Oil prices have enjoyed a strong run in recent months after rising by around 6% since the start of the year but from here onward, they could move sharply in either direction.
First and foremost, President Donald Trump has pledged to make announce by May 12 whether the US will remain party to the so called "Iranian nuclear deal" that has enabled Iranian oil producers to begin selling their produce on global markets once again. Any resumption of US sanctions on Iranial oil could hamper global supply and send oil prices marching North.
"A temporary supply shock emanating from any scuppering of the US/Iran deal could be worth a $5-10bbl move in WTI. That is worth a 1% move in the [USD/CAD] pair given current betas," says McCormick, suggesting the Canadian Dollar could benefit from any disruption to the deal, which would push USD/CAD lower.
However, on the opposite side of the same coin, President Trump has recently taken aim at the Organization of Petroleum Exporting Countries when expressing concern about artificially high prices. He hinted that this price manipulation would have to end but did not say what the US plans to do about it.
Looks like OPEC is at it again. With record amounts of Oil all over the place, including the fully loaded ships at sea, Oil prices are artificially Very High! No good and will not be accepted!
— Donald J. Trump (@realDonaldTrump) April 20, 2018
Any action from the US that leads to lower prices would almost certainly be bad for the Canadian Dollar given that crude oil is Canada's largest export.

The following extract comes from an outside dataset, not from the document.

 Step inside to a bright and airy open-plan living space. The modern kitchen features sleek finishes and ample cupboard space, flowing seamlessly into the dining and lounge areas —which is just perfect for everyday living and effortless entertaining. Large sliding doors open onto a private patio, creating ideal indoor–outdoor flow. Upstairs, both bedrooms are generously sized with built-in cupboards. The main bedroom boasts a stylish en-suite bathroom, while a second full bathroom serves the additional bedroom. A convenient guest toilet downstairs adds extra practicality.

"The NAFTA headlines continue to get incrementally more positive, suggesting the room for an in-principal to get inked over the coming weeks. While we think most of the good news is priced in, there is still scope for a knee-jerk positive that could interrupt a straight shot to 1.30," McCormick adds.
Negotiators from Canada, Mexico and the US have been attempting to renegotiate the North American Free Trade Agreement for almost a year now and, according to many of the latest reports on the status of talks, are beginning to make some progress.

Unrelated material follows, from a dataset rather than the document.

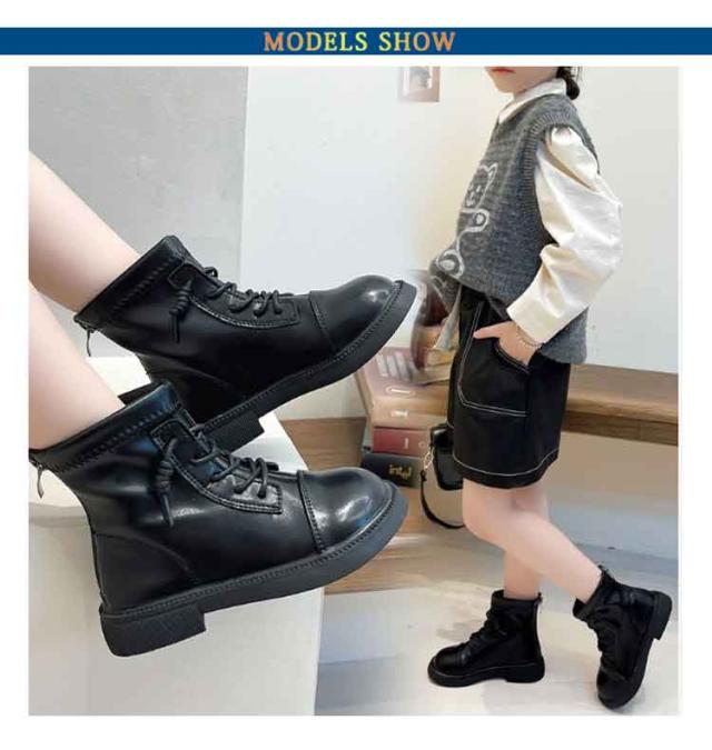 | 大人っぽくオシャレなデザインのジュニアブーツ。 本革のようなシワ感のある高級合成素材を使用します。 ファスナーがついていて脱ぎ履きしやすい 安定ソール。ソールはすべりにくく優れたゴムを採用します。 ガールズの可愛い皮靴。正式の場でも、普段でも! | |

Mexico, whose laws on immigration are very tough, must stop people from going through Mexico and into the U.S. We may make this a condition of the new NAFTA Agreement. Our Country cannot accept what is happening! Also, we must get Wall funding fast.
— Donald J. Trump (@realDonaldTrump) April 23, 2018
President Trump's dislike of the NAFTA agreement is well known after he described it as "the worst deal in history" when on the campaign trail. It was all but torn to pieces until late March when the White House was reported to have offered a key concession and begun pushing for a token agreement to be concluded some time this month.

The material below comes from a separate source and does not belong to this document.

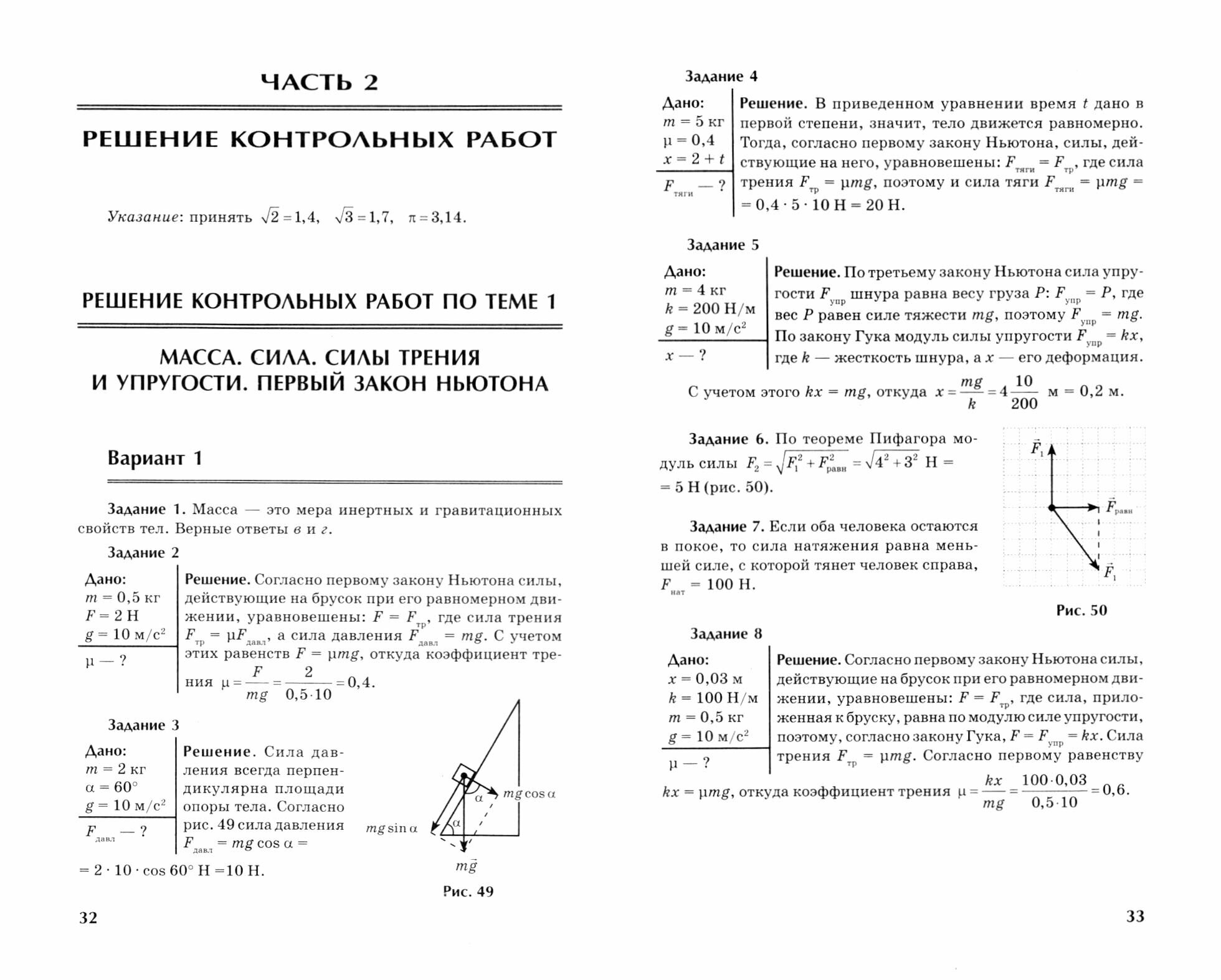 Каждая из тем этого раздела включает в себя 5 контрольных работ, состоящих из 10 заданий разного уровня трудности. Их содержание аналогично приведенным в Открытом банке заданий и используемым на ЕГЭ по физике. Если уроки по физике спаренные, как это имеет место в наукоемких лицеях и гимназиях естественно-научного профиля, то учитель может предлагать учащимся решить контрольную работу полностью, а на обычном 45-минутном уроке достаточно решения половины заданий по выбору учителя. Все задания соответствуют программе по физике для средней школы и способны надежно проверить уровень знаний старшеклассников.

This is important given analysts have previously estimated that a NAFTA withdrawal by the US could hit the Canadian economy hard and see the Loonie fall by as much as 20%. Conversely, the Loonie could also rise strongly if and when a deal is clinched. Some, including TD's McCormick, say there is scope for a deal to be reached before the month is out.
"We flag these as risks factors, and our base case looks for choppy grind higher in USDCAD. This reflects the weakening macro story alongside a lower real rate story," McCormick writes, in a note Monday.
McCormick and the TD Securities team are flagging the possibility for divergence in Canadian Dollar exchange rates over the coming months. They say the USD/CAD rate likely to rise due to higher US interest rates and an uncertain outlook for Canadian monetary policy but that the Loonie can still prevail over weaker developed world peers like the New Zealand Dollar during the interim.
"We still hold less sympathy for NZD, which keeps us short NZDCAD for a touch longer," McCormick writes. "The 200 day moving average sits at 0.9067, and we continue to eye a break of that level as well, with our trade recommendation targeting a move to 0.90."